Dans la dernière base, les relations étaient initialement relativement tendues, avec un encadrement contesté :

« Il y a une logique de groupe très forte, pendant un moment, je me suis retrouvée avec des agents qui

ne pouvaient plus me parler » (encadrante).

L’encadrant, ancien CdN, est décrit par certains agents comme excessivement autoritaire. Sa fonction de direction s’est pendant un temps exprimée effectivement d’abord sous la forme de rappel aux règles (sur la conduite à tenir dans l’espace public), souvent sur un mode négatif, générant certaines crispations au sein des agents, conflits qui en outre se greffent sur des rivalités syndicales.

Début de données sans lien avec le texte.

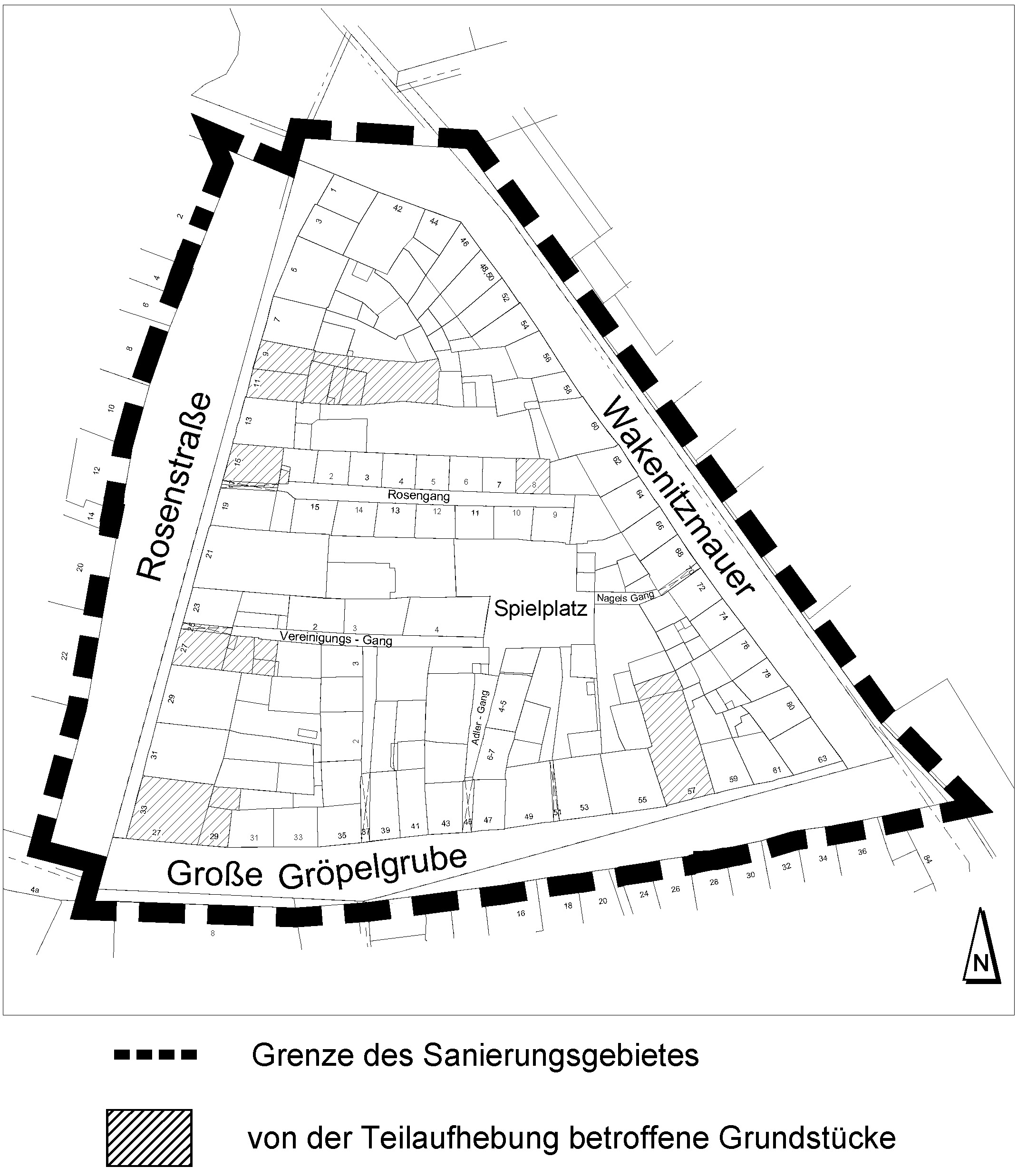 Sanierungsgebietes „Block 4 - Rosenstraße“, das begrenzt wird im Norden von der Straße Rosenpforte, im
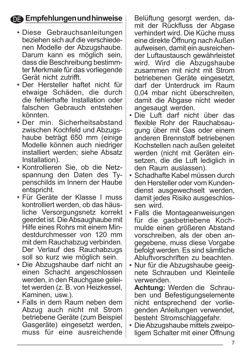 Belüftung gesorgt werden, damit der Rückfluss der Abgase verhindert wird. Die Küche muss eine direkte Öffnung nach Außen aufweisen, damit ein ausreichender Luftaustausch gewährleistet wird. Wird die Abzugshaube zusammen mit nicht mit Strom betriebenen Geräte eingesetzt, darf der Unterdruck im Raum 0,04 mbar nicht überschreiten, damit die Abgase nicht wieder angesaugt werden. Die Luft darf nicht über das flexible Rohr der Rauchabsaugung über mit Gas oder einem anderen Brennstoff betriebenen Kochstellen nach außen geleitet werden (nicht mit Geräten einsetzen, die die Luft lediglich in den Raum auslassen). Schadhafte Kabel müssen durch den Hersteller oder vom Kundendienst ausgewechselt werden, damit jedes Risiko ausgeschlossen wird. Falls die Montageanweisungen für die gasbetriebene Kochmulde einen größeren Abstand vorschreiben, als der oben angegebene, muss diese Vorgabe befolgt werden. Es sind sämtliche Abluftvorschriften zu beachten. Nur für die Abzugshaube geeignete Schrauben und Kleinteile verwenden. Achtung: Werden die Schrauben und Befestigungselemente nicht entsprechend der vorliegenden Anleitungen verwendet, besteht Stromschlaggefahr. Die Abzugshaube mittels zweipoligem Schalter mit einer Öffnung 7

Ces conflits se sont progressivement atténués (y compris au cours de la période d’enquête) pour laisser place à des relations plus souples et pacifiées à la fois entre les agents et entre agents et encadrement. Si des tensions demeurent, liées à un mode de management parfois jugé directif, la connaissance des problématiques du terrain, la capacité à apporter des réponses opérationnelles aux agents ou encore à donner du sens aux missions par l’entremise des briefings ont aidé à asseoir la légitimité de l’encadrement.

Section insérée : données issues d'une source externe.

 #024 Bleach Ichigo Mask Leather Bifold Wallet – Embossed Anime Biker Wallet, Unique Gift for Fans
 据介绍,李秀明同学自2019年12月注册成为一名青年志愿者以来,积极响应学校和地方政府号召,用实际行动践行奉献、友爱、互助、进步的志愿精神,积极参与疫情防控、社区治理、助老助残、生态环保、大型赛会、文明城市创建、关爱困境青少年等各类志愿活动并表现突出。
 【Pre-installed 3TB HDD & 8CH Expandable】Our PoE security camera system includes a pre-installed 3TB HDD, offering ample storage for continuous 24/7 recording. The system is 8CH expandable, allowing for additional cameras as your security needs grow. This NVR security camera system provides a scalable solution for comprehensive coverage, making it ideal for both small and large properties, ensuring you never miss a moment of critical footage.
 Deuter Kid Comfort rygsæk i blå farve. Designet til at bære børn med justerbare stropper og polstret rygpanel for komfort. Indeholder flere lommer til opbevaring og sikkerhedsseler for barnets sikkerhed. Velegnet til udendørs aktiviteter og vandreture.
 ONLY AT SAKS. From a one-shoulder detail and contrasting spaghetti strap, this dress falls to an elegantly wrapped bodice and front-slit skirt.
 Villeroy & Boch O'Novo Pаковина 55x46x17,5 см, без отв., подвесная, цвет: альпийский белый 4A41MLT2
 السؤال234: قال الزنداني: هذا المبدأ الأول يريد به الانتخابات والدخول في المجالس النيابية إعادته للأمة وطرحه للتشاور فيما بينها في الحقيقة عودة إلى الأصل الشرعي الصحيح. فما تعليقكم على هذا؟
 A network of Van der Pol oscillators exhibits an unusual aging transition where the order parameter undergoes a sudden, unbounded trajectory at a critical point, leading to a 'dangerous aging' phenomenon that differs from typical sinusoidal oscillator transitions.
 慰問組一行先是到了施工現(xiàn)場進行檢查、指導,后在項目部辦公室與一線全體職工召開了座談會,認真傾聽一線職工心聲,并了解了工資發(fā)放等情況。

Au final, sur les 4 bases investiguées, on distingue des niveaux de tension et des modes de management fortement contrastés. Ces tensions sont renforcées par les logiques syndicales fortes qui traversent les corps des ISVP et des CdN. Les oppositions entre les deux syndicats (UNSA et CFDT) peuvent peser sur le climat à l’intérieur même des bases, certaines d’entre elles étant des « fiefs » bien connus de l’un des deux syndicats.

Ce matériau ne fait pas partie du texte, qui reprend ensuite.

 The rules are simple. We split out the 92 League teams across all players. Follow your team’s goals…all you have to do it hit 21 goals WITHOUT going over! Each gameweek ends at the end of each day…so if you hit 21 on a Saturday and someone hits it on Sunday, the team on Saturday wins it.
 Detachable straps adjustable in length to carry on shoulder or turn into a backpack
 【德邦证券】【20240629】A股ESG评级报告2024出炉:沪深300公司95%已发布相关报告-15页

Le dispositif CdN est aujourd’hui au milieu du gué. Dispositif initialement très hiérarchisé avec un bureau central très présent, il s’est transformé sans le vouloir véritablement du fait de la croissance même du dispositif. Le bureau central doit désormais suivre près de 10 bases et plus de 135 agents. Il doit assurer la vérification, la distribution de plus de 200 fiches par jour. Il est en charge de la gestion des partenariats de l’ensemble des bases. Dans un tel contexte, le dispositif s’est distendu, sans se décentraliser véritablement. Les liens entre bases et BCDN sont moins fréquents, et les encadrants assument un rôle qui n’est plus simplement celui de gestionnaire (des emplois du temps) mais bien d’animateur d’équipe. Cette capacité à animer une équipe est inégalement répartie chez les encadrants. Distribuer les missions, constituer les équipes, animer les briefings, rappeler les règles sont des tâches complexes, ce d’autant plus que le contrôle s’effectue de façon indirecte souvent, les agents exerçant l’essentiel de leurs missions dans l’espace public sans la présence de leur supérieur. Pour autant, ce rôle des encadrants (tenu systématiquement par des agents de catégorie C, inspecteur de sécurité dans la plupart des cas,

sans expérience antérieure du management) n’est pas encore pleinement reconnu comme tel. Il est d’ailleurs partiellement amputé dans la mesure où la gestion des partenariats s’effectue principalement par le bureau central. Dans ce contexte, il paraîtrait judicieux de mieux reconnaître l’importance de ces tâches d’encadrant, tant dans le recrutement (en fixant comme priorité la capacité à gérer une équipe) que dans la formation (en prévoyant des formations pour l’accès à ces fonctions autour de l’animation de réunion, de la gestion d’équipes, etc.).